**Description of the task**
Working from the records below, return word for word the line that contains "プレミア通信 人事部長インタビュー vol.01" and each line after it, ending with the last. Skip all pictures.

--- Source material Enclosed Below ---

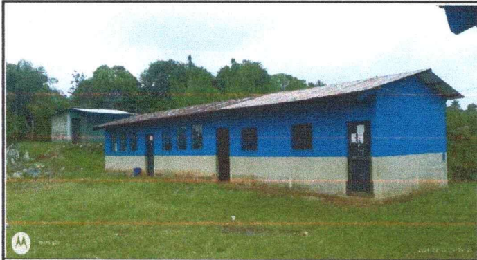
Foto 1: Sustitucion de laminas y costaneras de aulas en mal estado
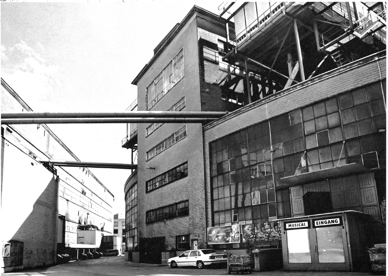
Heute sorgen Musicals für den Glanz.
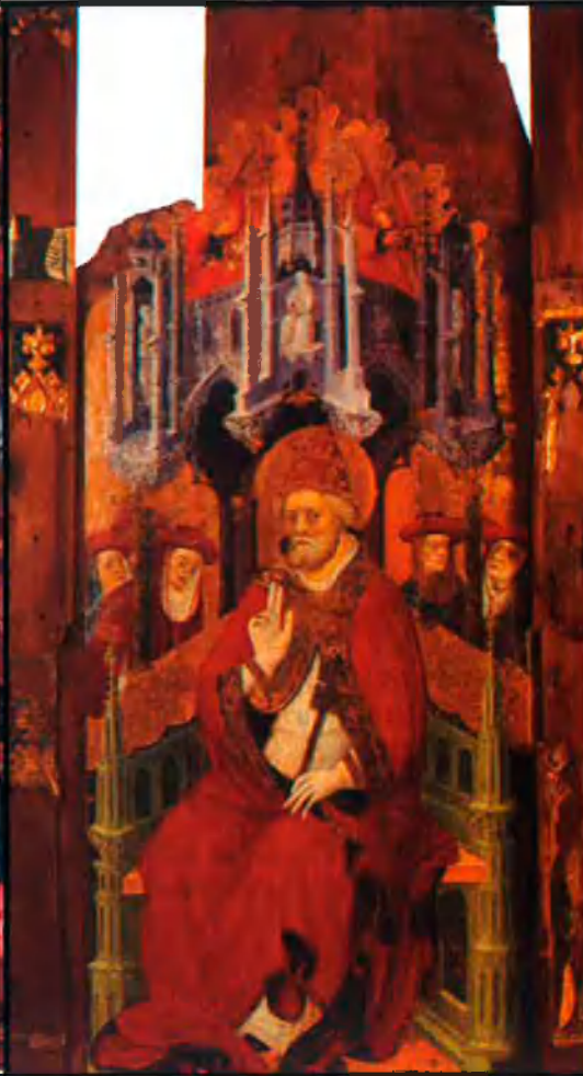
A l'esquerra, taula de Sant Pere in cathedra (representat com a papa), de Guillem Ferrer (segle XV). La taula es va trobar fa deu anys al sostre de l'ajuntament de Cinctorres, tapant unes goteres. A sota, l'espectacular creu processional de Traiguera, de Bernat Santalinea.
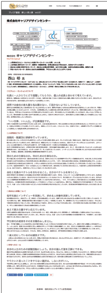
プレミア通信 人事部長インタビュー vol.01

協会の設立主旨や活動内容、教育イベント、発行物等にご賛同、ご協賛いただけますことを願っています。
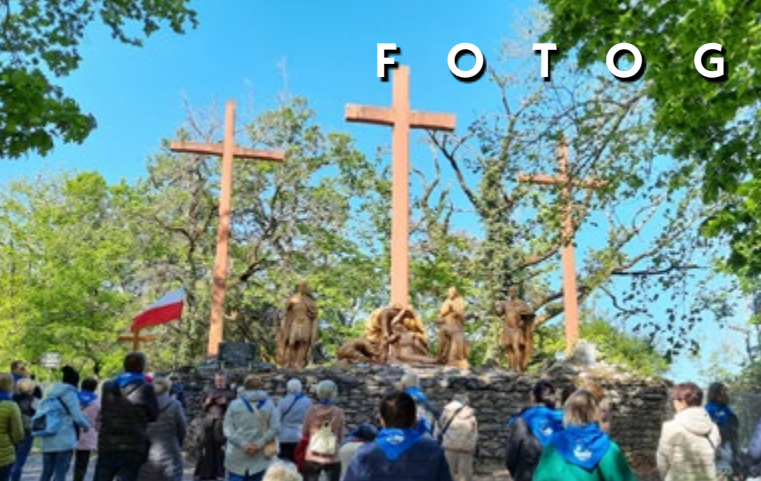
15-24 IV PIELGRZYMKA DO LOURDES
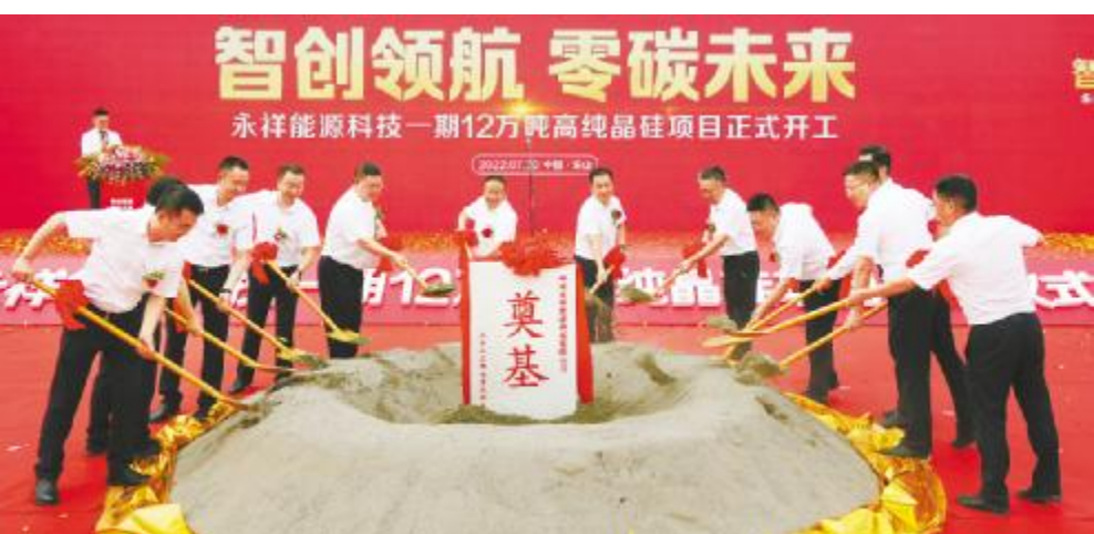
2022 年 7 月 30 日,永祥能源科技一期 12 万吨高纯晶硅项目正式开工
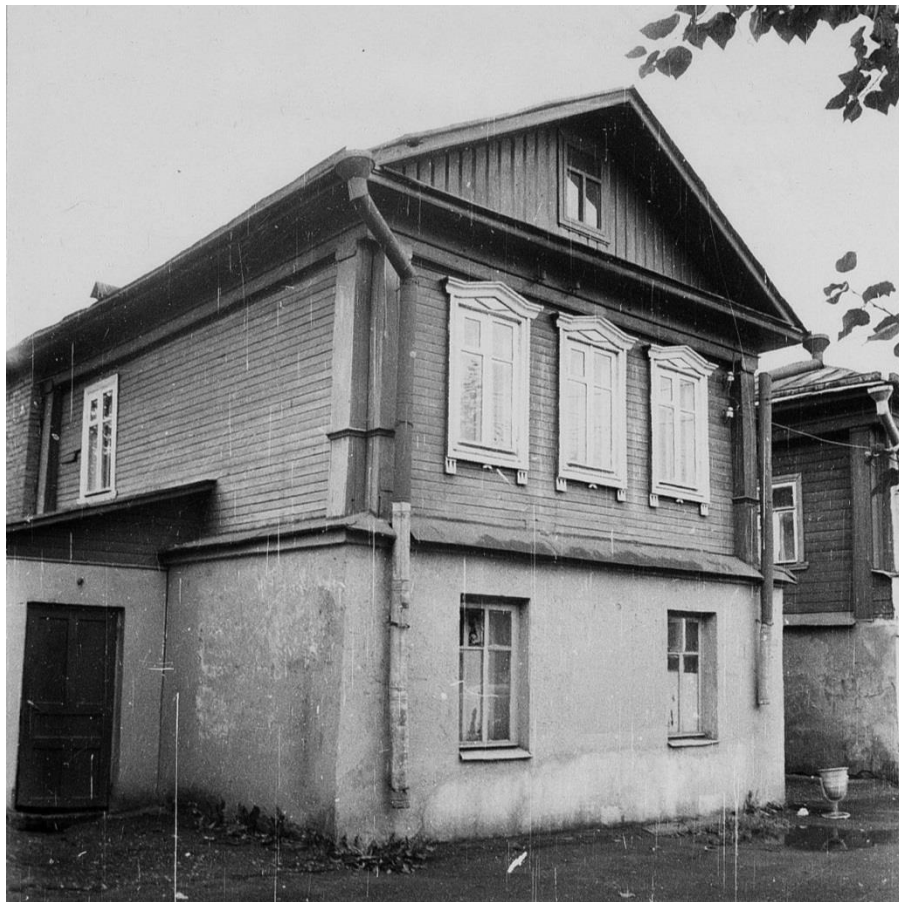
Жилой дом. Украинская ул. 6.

--- End of Enclosed Source material ---

**Answer to the exercise**
プレミア通信 人事部長インタビュー vol.01

協会の設立主旨や活動内容、教育イベント、発行物等にご賛同、ご協賛いただけますことを願っています。
15-24 IV PIELGRZYMKA DO LOURDES
2022 年 7 月 30 日,永祥能源科技一期 12 万吨高纯晶硅项目正式开工
Жилой дом. Украинская ул. 6.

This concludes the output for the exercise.